The task: Below are records with pictures in them. Transcribe everything from the line containing "年產(chǎn)60萬立方米" down to the line containing "Kayık Yaka Yırtmaçlı Bluz Siyah", exactly, and leave the pictures behind.

Material provided:
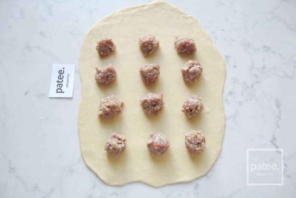 Выложить фарш рядами на пласт теста. Приблизительно по 0,5 чайной ложки.
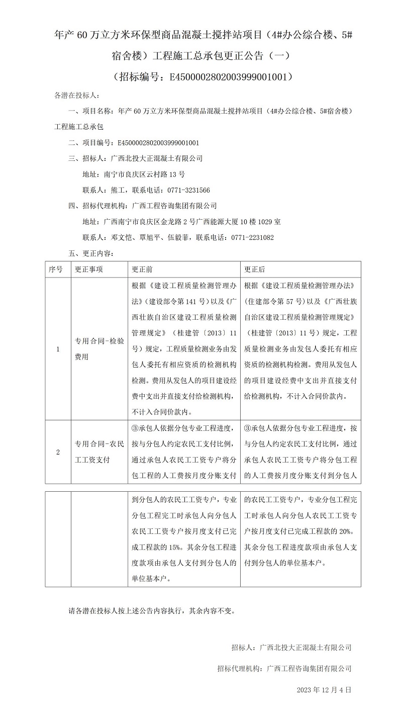 年產(chǎn)60萬立方米環(huán)保型商品混凝土攪拌站項目(4#辦公綜合樓、5#宿舍樓)工程施工總承包更正公告(一) (招標編號:E4500002802003999001001
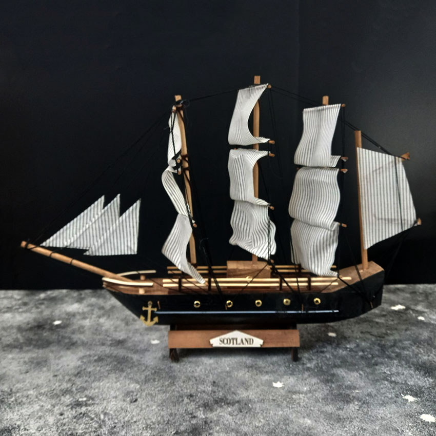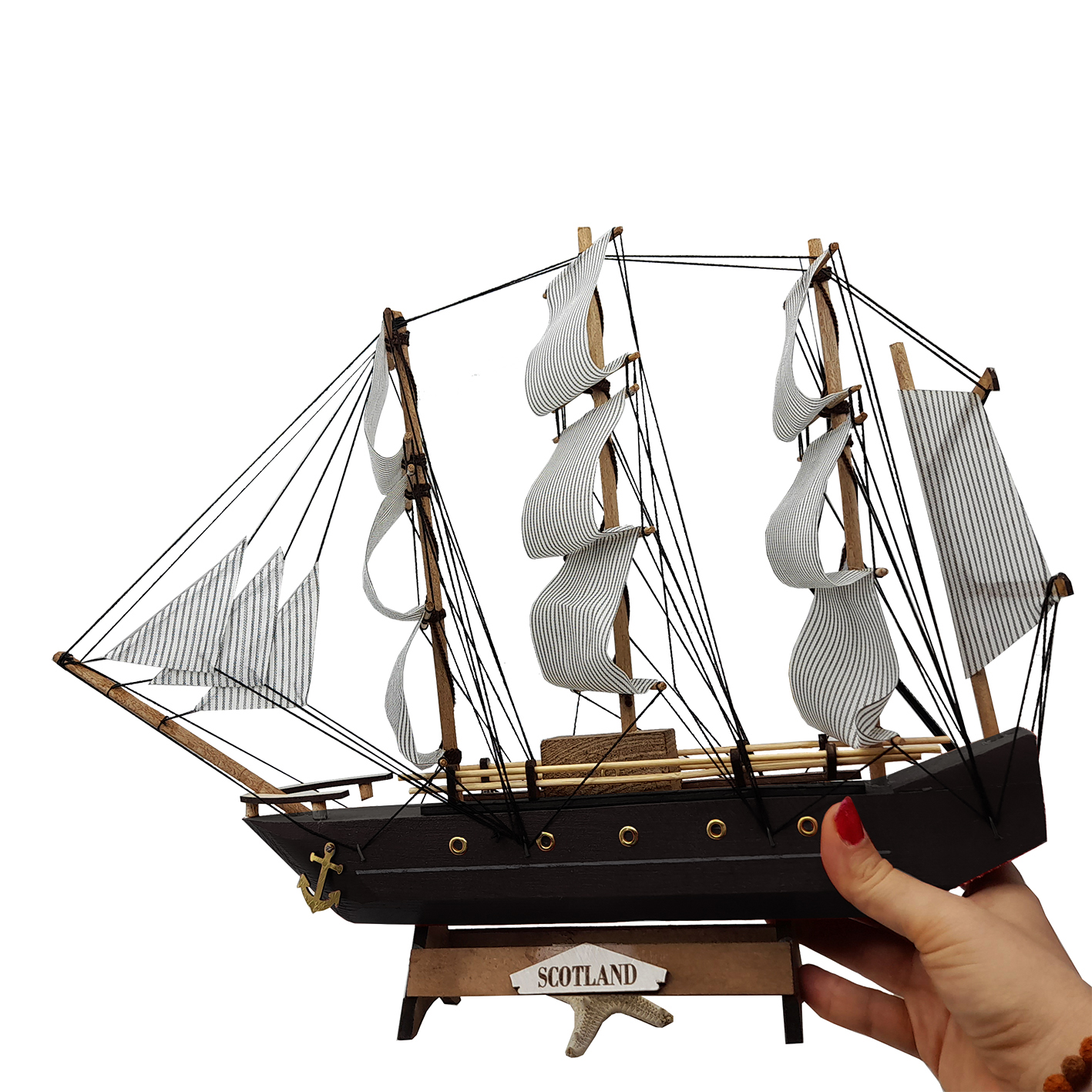 کشتی چوبی قهوه ای بادبان سفید طول 30 سانتی متر کد 720027
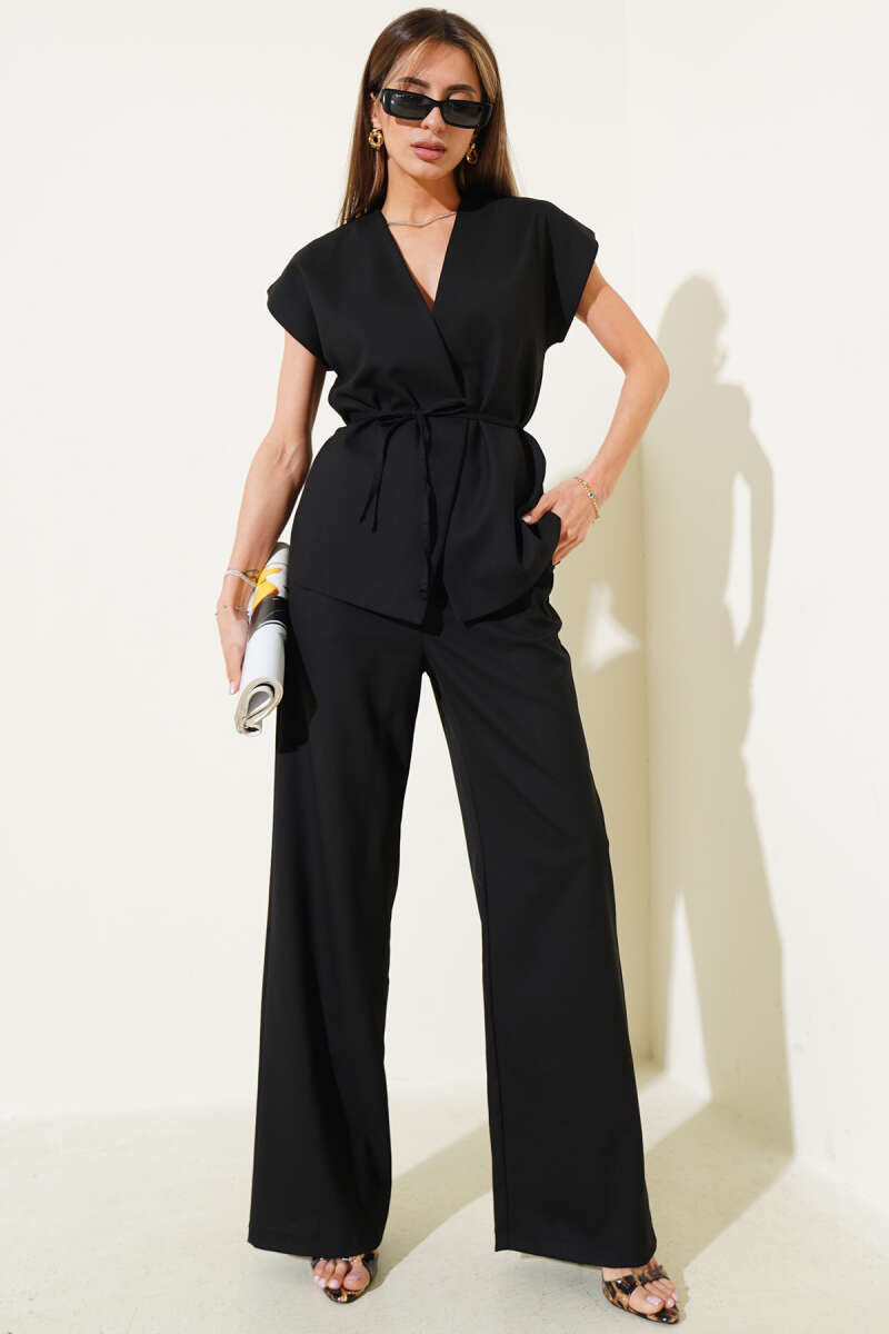 Kayık Yaka Yırtmaçlı Bluz Siyah
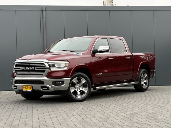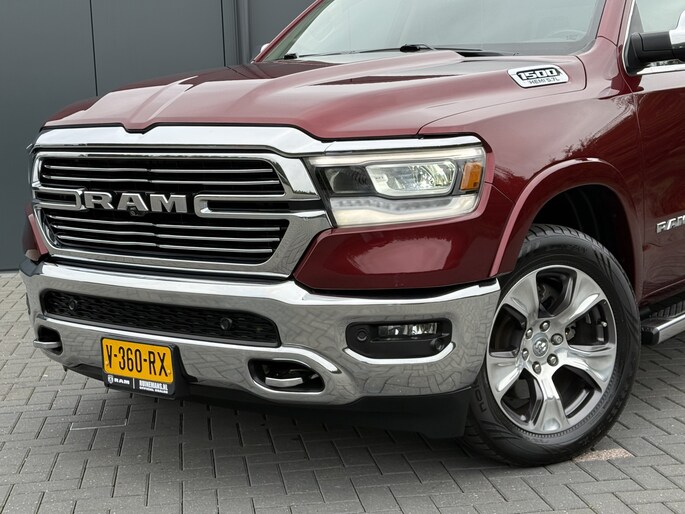 Nette Dodge Ram 1500 5.7 V8 Laramie CrewCab uitvoering in de prachtige kleur Delmonico Red. Rijk uitgevoerd met o.a. Adaptive Cruise control, 12 inch scherm, Rijstrooksensor, Dodehoek detectie, Panoramadak, Stoelverwarming voor en achterin, Geventileerde voorstoelen, Stuurverwarming, Harman/Kardon audio, 360° Camera en Trekhaak met 3500 kg trekgewicht.

Completed exercise:
 年產(chǎn)60萬立方米環(huán)保型商品混凝土攪拌站項目(4#辦公綜合樓、5#宿舍樓)工程施工總承包更正公告(一) (招標編號:E4500002802003999001001
 کشتی چوبی قهوه ای بادبان سفید طول 30 سانتی متر کد 720027
 Kayık Yaka Yırtmaçlı Bluz Siyah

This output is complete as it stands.